Spokesperson Harlene Ellin of the Chicago Women’s March told Townhall that The Tribune’s headline and reporting were “inaccurate and inflammatory.” While also stating that since “The Tribune has apologized and updated the headline.”
Ellin continued by stating to Townhall, “I’m sorry but the reality is not as ‘sexy.’ The march was not ‘nixed’ as the original Tribune headline stated. Women’s March Chicago decided to hold our march early to have an impact on the midterm elections.”
Yet the Tribune’s report still implies that maybe there was a wee role of the kerfuffle over anti-Semitism:
The announcement elicited a range of reactions on the Women’s March Chicago Facebook page.
“This is disappointing,” one member wrote. “Women continue fighting to be heard in this patronizing patriarchal society. We are not done.”
Some made plans to join marches in other cities instead.
“Going back to D.C.!” another member wrote. “There’s too much to march for!”
Others expressed support for the choice to forgo a January march.
“A lot has come to light about national in the last year,” one member wrote. “I support not marching with them.”
And this (my emphasis):
Women’s March Chicago organizers say they are a grassroots group not directly affiliated with Women’s March Inc., though past local marches have been held in sync with the national group and other similar marches across the country.
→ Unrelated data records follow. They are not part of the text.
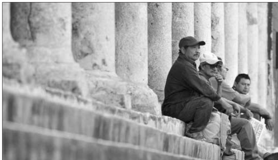
▲ De acuerdo con datos de la Secretaría del Trabajo y Previsión Social, el promedio de las alzas salariales pactadas fue de 4.4 por ciento, pero al descontar la inflación, los ingresos de los trabajadores disminuyeron 3.68 por ciento en términos reales.

En días recientes el Instituto Nacional de Estadística y Geografía (Inegi) informó que en el periodo de referencia la inflación fue de 8.41 por ciento a tasa anual,
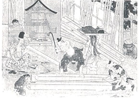
重文 職人尺絵屏風 川越・喜多院蔵

今日の複雑化した社会の組織構成と、発展分化した諸科学の実態が、日常的な市民生活にとって、しばしば無縁なものに見えようとも、文化こそ人間の生活の様式を規定し、
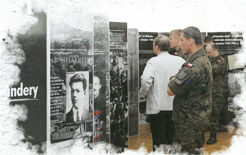
Wystawa IPN dotycząca Zbrodni Wołyńskiej prezentowana w Przystanku Historia

W Przystanku Historia każdy znajdzie coś dla siebie. Będziemy prowadzić tu lekcje i warsztaty dla uczniów, organizować wernisaże, szkolenia dla nauczycieli, pokazy filmów, a także spotkania z badaczami i świadkami historii. Uczestnictwo we wszystkich wydarzeniach organizowanych w Przystanku Historia jest bezpłatne .
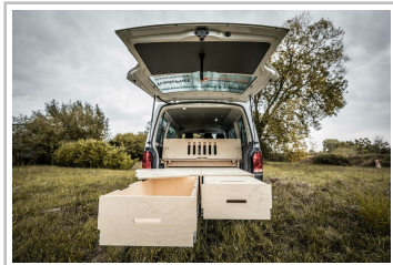
Campingeinbauten von Hornbach.
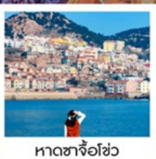
หาดซาจื่อฮั่ว
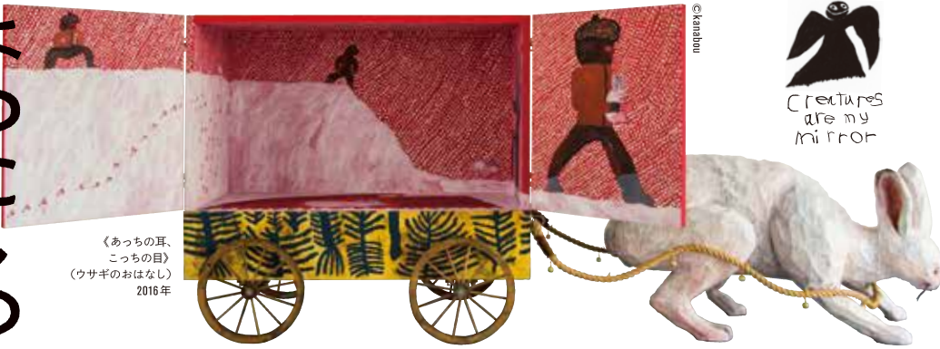
《あっちの耳、こっちの目》 （ウサギのおはなし） 2016年
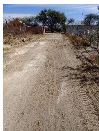
CALLE LUCIO ALCALA
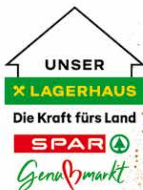
Roland - Gartenabteilung H&G Wolfsberg

Freude schenken! Lagerhaus Gutscheine zum Tanken und Einkaufen
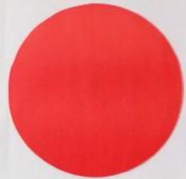
Grito en la noche
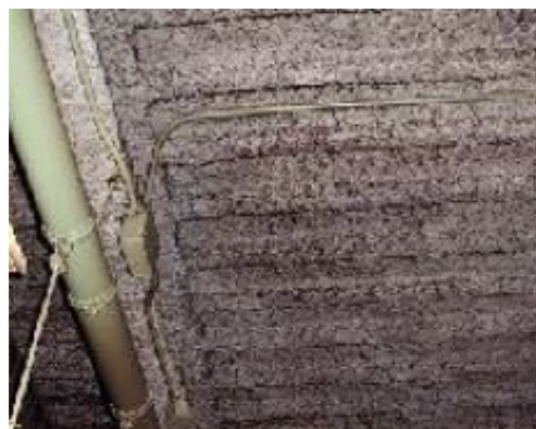
石綿含有吹付けロックウール
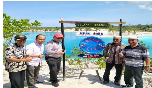
Gambar1. Kawasan Aek Biru (Desa Cit, Kabupaten Bangka, 2020)

KKN UBB pada tahu 2019. Dalam proses pengembangannya tentu tidak terlepas dari faktor yang mendukung guna menunjang agar pembangunannya dapat berkembang dan berjalan dengan optimal serta dapat menimbulkan manfaat terutama bagi masyarakat agar dapat mensejahterakan terutama dari segi perekonomiannya dengan adanya destinasi wisata di Desa Cit.
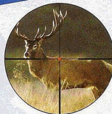
280 m-Schuss ohne Absehensschnellverstellung.

beim Kauf im Promotion-Zeitraum vom 1.10. bis 31.12.10
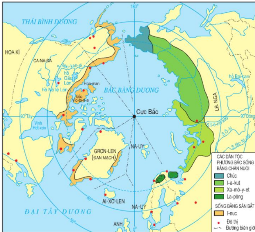
Hình 22.1 - Lược đồ địa bàn cư trú của các dân tộc ở môi trường đới lạnh phương Bắc

While the decision to forgo a January march wasn’t based on recent controversy, Kurensky said the opportunity to further distance the Chicago organization from national Women’s March leaders was a “side benefit.”
“That sort of infighting within the movement is very painful. It’s very painful to watch,” she said. “When a handful of leaders … say something, they are not speaking for an entire movement.”
Women’s March Chicago leaders also denounced anti-Semitism and Farrakhan’s February comments.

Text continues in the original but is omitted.